───── Given data

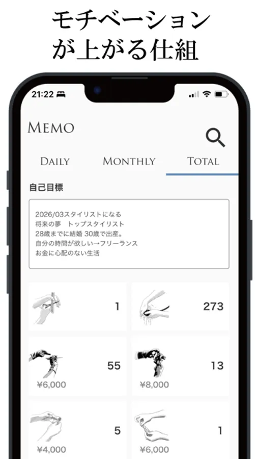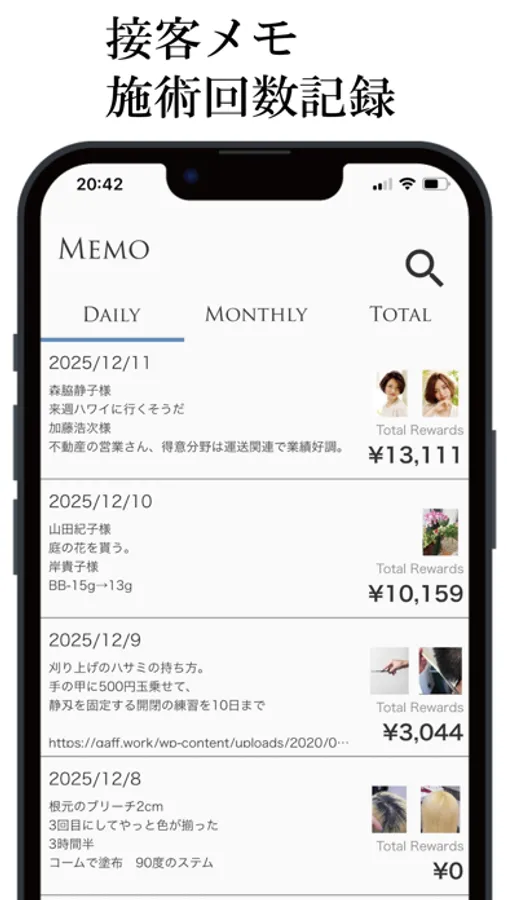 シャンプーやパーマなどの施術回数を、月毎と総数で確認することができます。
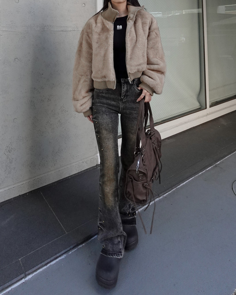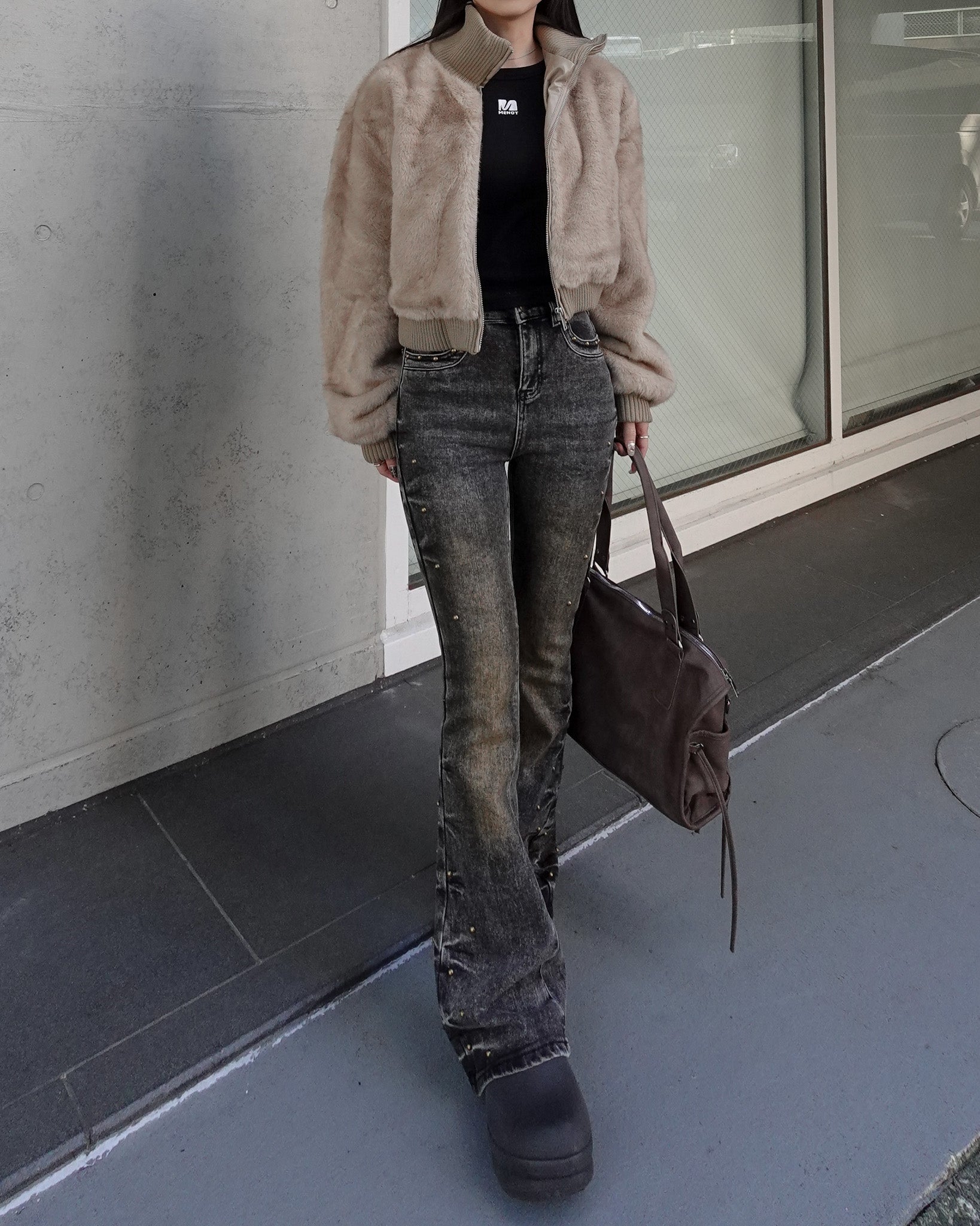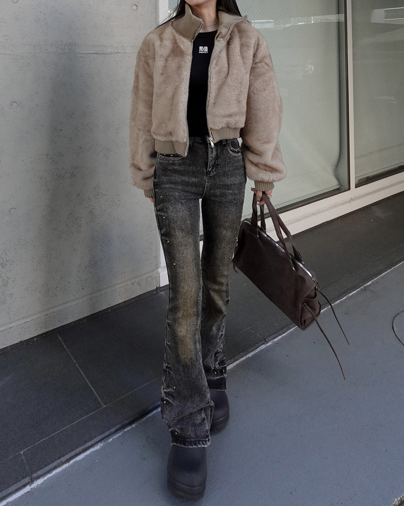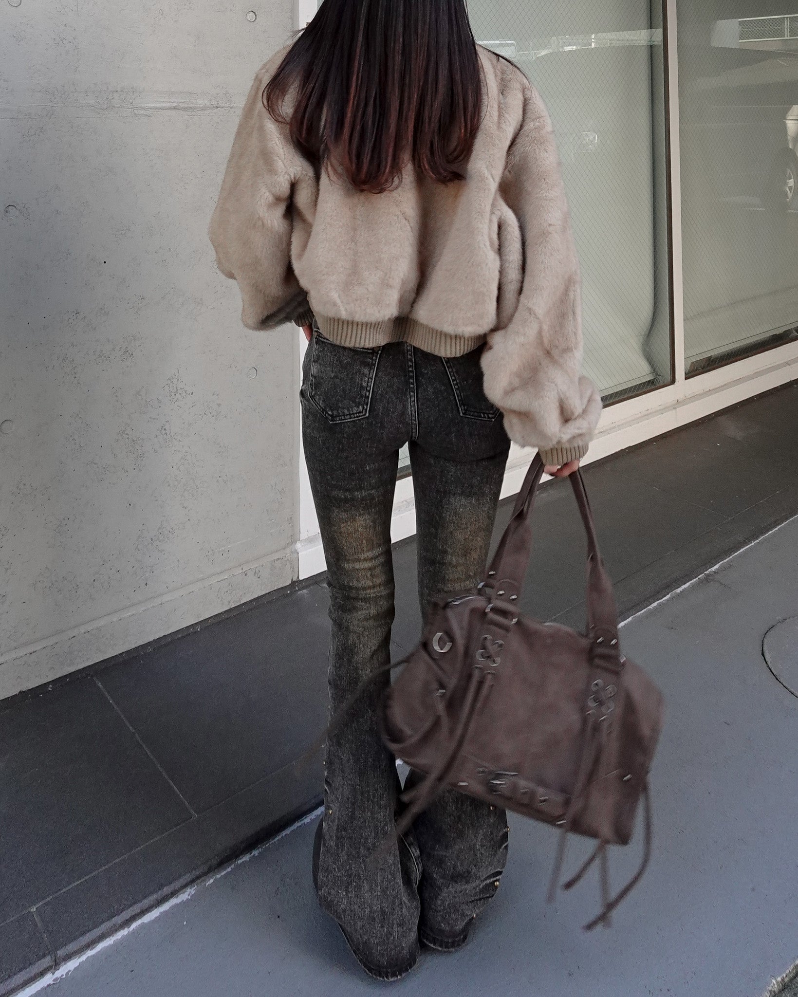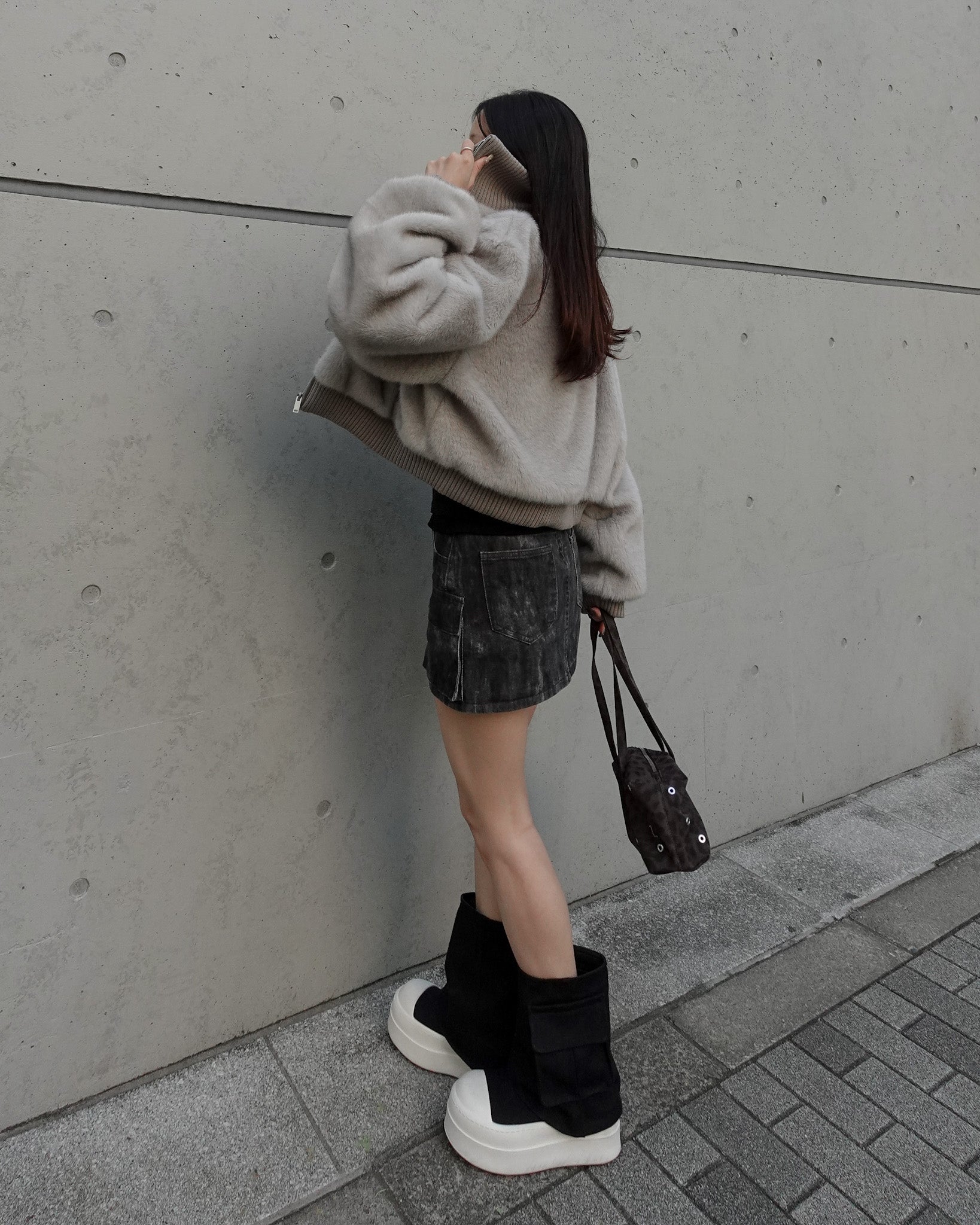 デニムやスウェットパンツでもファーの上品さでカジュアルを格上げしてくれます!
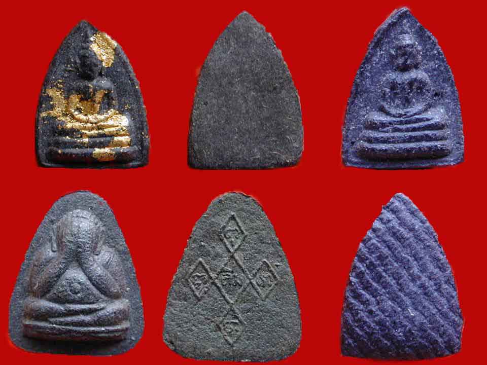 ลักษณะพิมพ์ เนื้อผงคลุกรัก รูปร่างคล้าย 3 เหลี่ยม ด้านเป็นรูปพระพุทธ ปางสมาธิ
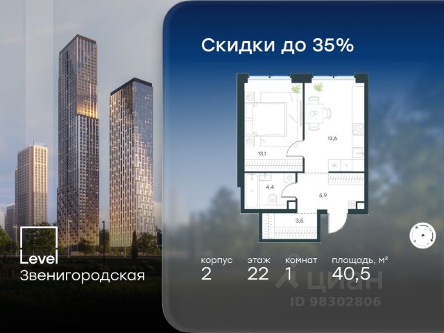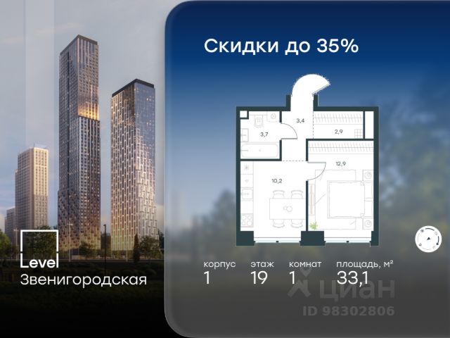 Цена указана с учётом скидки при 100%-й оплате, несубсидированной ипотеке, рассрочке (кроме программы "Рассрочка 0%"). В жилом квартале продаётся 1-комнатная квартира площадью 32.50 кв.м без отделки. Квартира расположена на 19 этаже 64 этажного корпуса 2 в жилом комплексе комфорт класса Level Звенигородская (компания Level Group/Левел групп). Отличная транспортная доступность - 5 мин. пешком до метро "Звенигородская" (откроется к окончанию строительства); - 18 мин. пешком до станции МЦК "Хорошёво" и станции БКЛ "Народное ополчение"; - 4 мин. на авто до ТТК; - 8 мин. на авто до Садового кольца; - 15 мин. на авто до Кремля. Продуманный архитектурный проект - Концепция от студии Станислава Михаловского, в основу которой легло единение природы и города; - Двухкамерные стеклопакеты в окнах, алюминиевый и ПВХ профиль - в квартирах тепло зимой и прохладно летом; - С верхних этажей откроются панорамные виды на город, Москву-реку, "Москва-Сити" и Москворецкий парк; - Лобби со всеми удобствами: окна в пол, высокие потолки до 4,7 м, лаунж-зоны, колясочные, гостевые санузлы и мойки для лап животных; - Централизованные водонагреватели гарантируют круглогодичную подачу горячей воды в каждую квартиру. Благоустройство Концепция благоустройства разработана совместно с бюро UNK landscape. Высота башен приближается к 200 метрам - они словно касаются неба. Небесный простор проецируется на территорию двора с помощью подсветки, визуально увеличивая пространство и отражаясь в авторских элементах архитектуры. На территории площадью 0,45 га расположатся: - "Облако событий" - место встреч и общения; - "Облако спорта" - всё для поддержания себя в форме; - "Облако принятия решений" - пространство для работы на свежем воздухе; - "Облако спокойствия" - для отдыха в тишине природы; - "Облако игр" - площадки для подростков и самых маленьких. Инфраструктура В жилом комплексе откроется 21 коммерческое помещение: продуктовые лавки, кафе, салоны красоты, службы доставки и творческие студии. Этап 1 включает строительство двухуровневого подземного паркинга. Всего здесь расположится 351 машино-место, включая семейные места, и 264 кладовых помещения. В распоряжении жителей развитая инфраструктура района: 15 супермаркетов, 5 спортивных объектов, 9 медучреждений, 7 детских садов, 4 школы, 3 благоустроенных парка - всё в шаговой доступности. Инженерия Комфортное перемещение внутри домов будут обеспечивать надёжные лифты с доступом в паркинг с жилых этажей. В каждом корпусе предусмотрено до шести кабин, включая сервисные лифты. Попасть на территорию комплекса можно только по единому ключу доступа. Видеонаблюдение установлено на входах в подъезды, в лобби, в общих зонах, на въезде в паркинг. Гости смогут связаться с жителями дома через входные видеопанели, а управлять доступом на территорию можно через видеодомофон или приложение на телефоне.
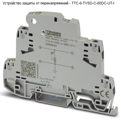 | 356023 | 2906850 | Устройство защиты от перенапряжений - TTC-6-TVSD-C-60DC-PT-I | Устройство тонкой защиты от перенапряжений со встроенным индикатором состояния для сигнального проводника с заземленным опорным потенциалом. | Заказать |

──────────

• Prompt:
In transcribing the records, omit the pictures and keep everything else exactly as it appears.

• Solved exercise:
 シャンプーやパーマなどの施術回数を、月毎と総数で確認することができます。
 デニムやスウェットパンツでもファーの上品さでカジュアルを格上げしてくれます!
 ลักษณะพิมพ์ เนื้อผงคลุกรัก รูปร่างคล้าย 3 เหลี่ยม ด้านเป็นรูปพระพุทธ ปางสมาธิ
 Цена указана с учётом скидки при 100%-й оплате, несубсидированной ипотеке, рассрочке (кроме программы "Рассрочка 0%"). В жилом квартале продаётся 1-комнатная квартира площадью 32.50 кв.м без отделки. Квартира расположена на 19 этаже 64 этажного корпуса 2 в жилом комплексе комфорт класса Level Звенигородская (компания Level Group/Левел групп). Отличная транспортная доступность - 5 мин. пешком до метро "Звенигородская" (откроется к окончанию строительства); - 18 мин. пешком до станции МЦК "Хорошёво" и станции БКЛ "Народное ополчение"; - 4 мин. на авто до ТТК; - 8 мин. на авто до Садового кольца; - 15 мин. на авто до Кремля. Продуманный архитектурный проект - Концепция от студии Станислава Михаловского, в основу которой легло единение природы и города; - Двухкамерные стеклопакеты в окнах, алюминиевый и ПВХ профиль - в квартирах тепло зимой и прохладно летом; - С верхних этажей откроются панорамные виды на город, Москву-реку, "Москва-Сити" и Москворецкий парк; - Лобби со всеми удобствами: окна в пол, высокие потолки до 4,7 м, лаунж-зоны, колясочные, гостевые санузлы и мойки для лап животных; - Централизованные водонагреватели гарантируют круглогодичную подачу горячей воды в каждую квартиру. Благоустройство Концепция благоустройства разработана совместно с бюро UNK landscape. Высота башен приближается к 200 метрам - они словно касаются неба. Небесный простор проецируется на территорию двора с помощью подсветки, визуально увеличивая пространство и отражаясь в авторских элементах архитектуры. На территории площадью 0,45 га расположатся: - "Облако событий" - место встреч и общения; - "Облако спорта" - всё для поддержания себя в форме; - "Облако принятия решений" - пространство для работы на свежем воздухе; - "Облако спокойствия" - для отдыха в тишине природы; - "Облако игр" - площадки для подростков и самых маленьких. Инфраструктура В жилом комплексе откроется 21 коммерческое помещение: продуктовые лавки, кафе, салоны красоты, службы доставки и творческие студии. Этап 1 включает строительство двухуровневого подземного паркинга. Всего здесь расположится 351 машино-место, включая семейные места, и 264 кладовых помещения. В распоряжении жителей развитая инфраструктура района: 15 супермаркетов, 5 спортивных объектов, 9 медучреждений, 7 детских садов, 4 школы, 3 благоустроенных парка - всё в шаговой доступности. Инженерия Комфортное перемещение внутри домов будут обеспечивать надёжные лифты с доступом в паркинг с жилых этажей. В каждом корпусе предусмотрено до шести кабин, включая сервисные лифты. Попасть на территорию комплекса можно только по единому ключу доступа. Видеонаблюдение установлено на входах в подъезды, в лобби, в общих зонах, на въезде в паркинг. Гости смогут связаться с жителями дома через входные видеопанели, а управлять доступом на территорию можно через видеодомофон или приложение на телефоне.
 | 356023 | 2906850 | Устройство защиты от перенапряжений - TTC-6-TVSD-C-60DC-PT-I | Устройство тонкой защиты от перенапряжений со встроенным индикатором состояния для сигнального проводника с заземленным опорным потенциалом. | Заказать |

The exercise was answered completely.